- _Exercise goal_: Once you find the line with "Rounded toe |" in the data below, transcribe exactly each line from there to the line with "您还在为出院后的康复问题抓耳", inclusive, and nothing else. Drop the pictures.

- _Exercise material_:

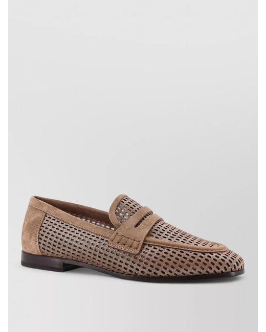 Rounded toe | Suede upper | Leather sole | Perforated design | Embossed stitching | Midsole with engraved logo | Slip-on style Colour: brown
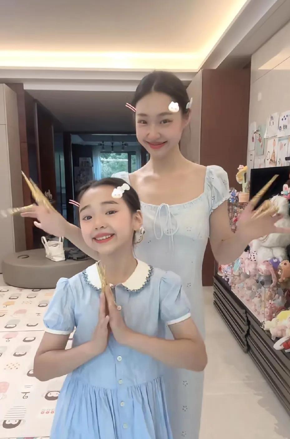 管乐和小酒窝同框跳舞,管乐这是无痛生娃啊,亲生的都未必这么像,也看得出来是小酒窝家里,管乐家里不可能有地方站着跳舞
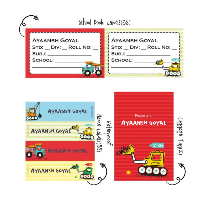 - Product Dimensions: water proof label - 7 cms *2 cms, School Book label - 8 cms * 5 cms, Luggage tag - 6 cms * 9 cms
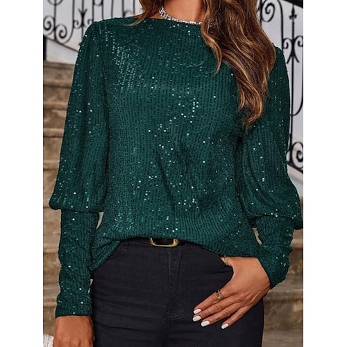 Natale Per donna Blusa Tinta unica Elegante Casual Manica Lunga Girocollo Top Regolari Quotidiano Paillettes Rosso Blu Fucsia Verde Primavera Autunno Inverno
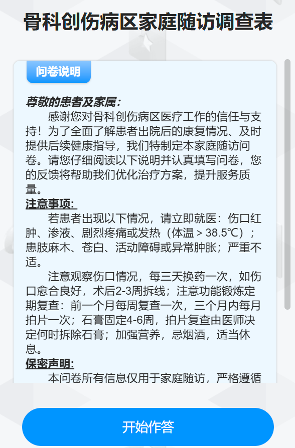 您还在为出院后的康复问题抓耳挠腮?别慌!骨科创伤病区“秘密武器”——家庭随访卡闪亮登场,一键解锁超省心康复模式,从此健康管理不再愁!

* * *

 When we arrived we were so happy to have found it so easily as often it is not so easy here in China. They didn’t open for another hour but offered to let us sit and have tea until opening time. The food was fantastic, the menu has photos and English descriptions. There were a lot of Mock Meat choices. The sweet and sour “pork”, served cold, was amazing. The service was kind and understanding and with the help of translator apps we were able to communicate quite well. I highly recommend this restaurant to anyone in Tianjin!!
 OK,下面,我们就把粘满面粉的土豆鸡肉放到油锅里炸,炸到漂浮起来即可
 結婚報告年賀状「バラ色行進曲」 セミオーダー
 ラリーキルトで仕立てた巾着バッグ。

...

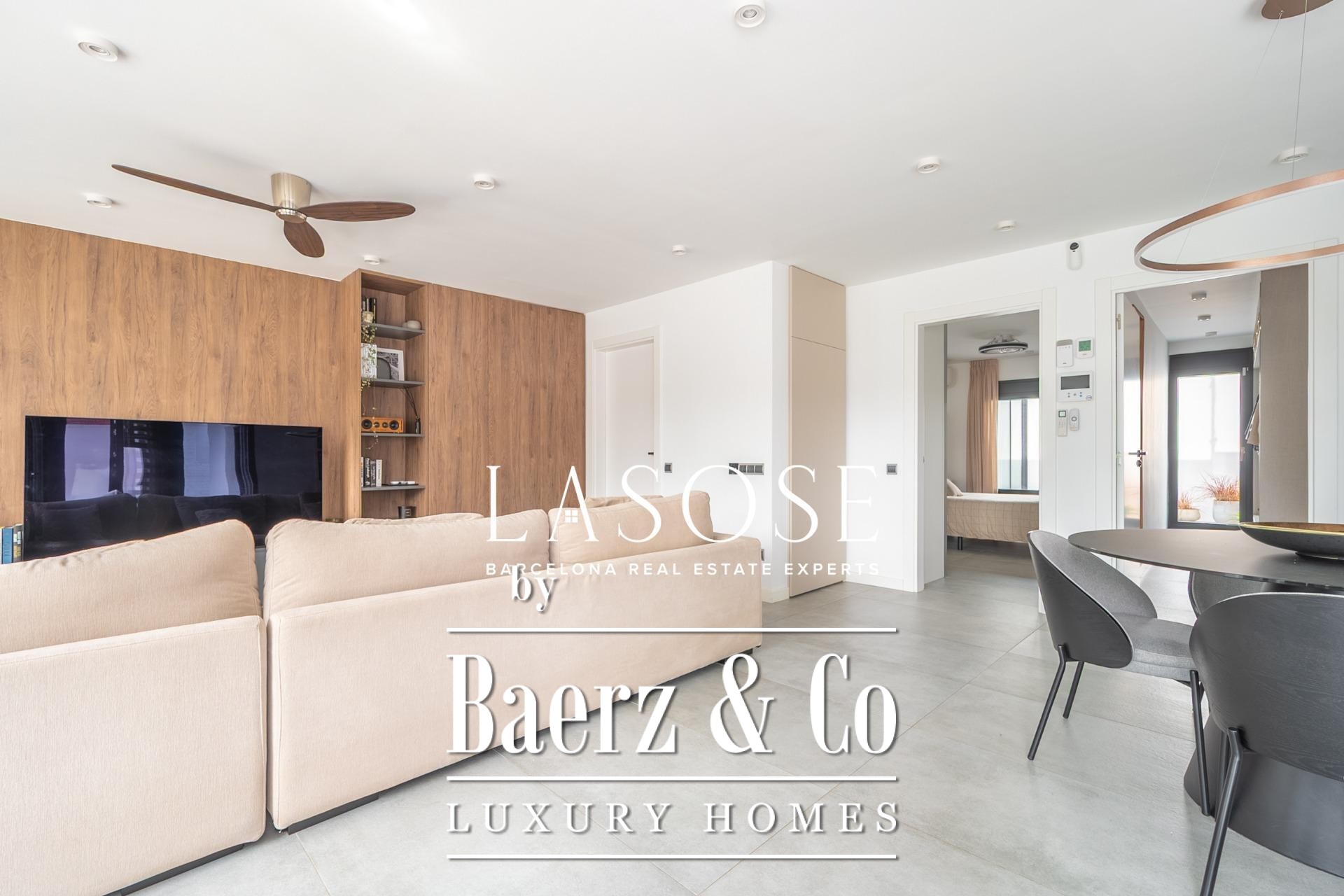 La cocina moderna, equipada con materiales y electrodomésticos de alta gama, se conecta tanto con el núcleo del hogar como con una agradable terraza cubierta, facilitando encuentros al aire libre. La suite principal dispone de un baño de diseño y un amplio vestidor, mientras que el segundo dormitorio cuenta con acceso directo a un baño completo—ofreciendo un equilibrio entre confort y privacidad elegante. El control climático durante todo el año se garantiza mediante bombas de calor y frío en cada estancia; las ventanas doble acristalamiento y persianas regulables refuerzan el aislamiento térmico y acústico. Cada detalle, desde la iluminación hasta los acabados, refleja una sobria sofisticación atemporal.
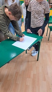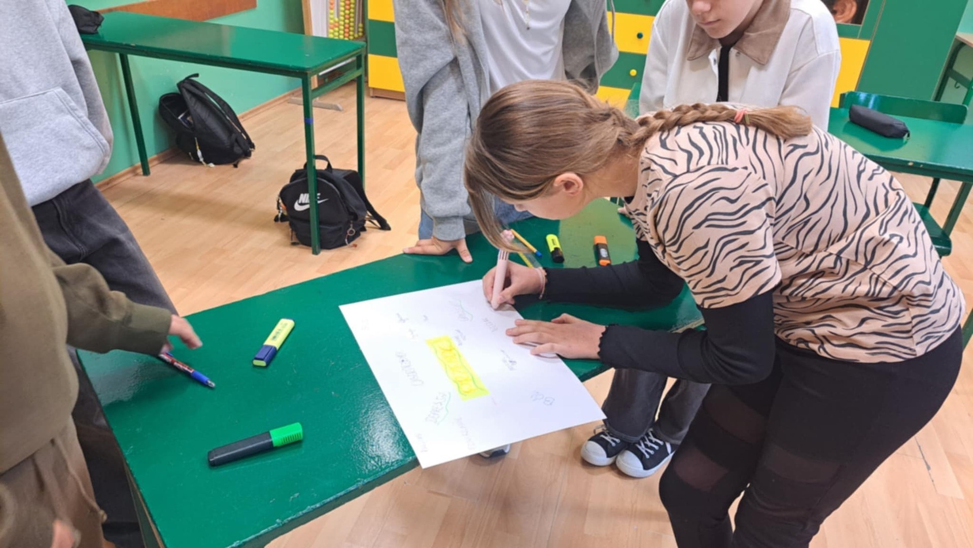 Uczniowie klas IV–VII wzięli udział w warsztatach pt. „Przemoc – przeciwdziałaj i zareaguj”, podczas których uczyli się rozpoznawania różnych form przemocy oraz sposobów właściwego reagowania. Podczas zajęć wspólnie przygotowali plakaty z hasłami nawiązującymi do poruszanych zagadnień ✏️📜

- _Exercise solution_:
 Rounded toe | Suede upper | Leather sole | Perforated design | Embossed stitching | Midsole with engraved logo | Slip-on style Colour: brown
 管乐和小酒窝同框跳舞,管乐这是无痛生娃啊,亲生的都未必这么像,也看得出来是小酒窝家里,管乐家里不可能有地方站着跳舞
 - Product Dimensions: water proof label - 7 cms *2 cms, School Book label - 8 cms * 5 cms, Luggage tag - 6 cms * 9 cms
 Natale Per donna Blusa Tinta unica Elegante Casual Manica Lunga Girocollo Top Regolari Quotidiano Paillettes Rosso Blu Fucsia Verde Primavera Autunno Inverno
 您还在为出院后的康复问题抓耳挠腮?别慌!骨科创伤病区“秘密武器”——家庭随访卡闪亮登场,一键解锁超省心康复模式,从此健康管理不再愁!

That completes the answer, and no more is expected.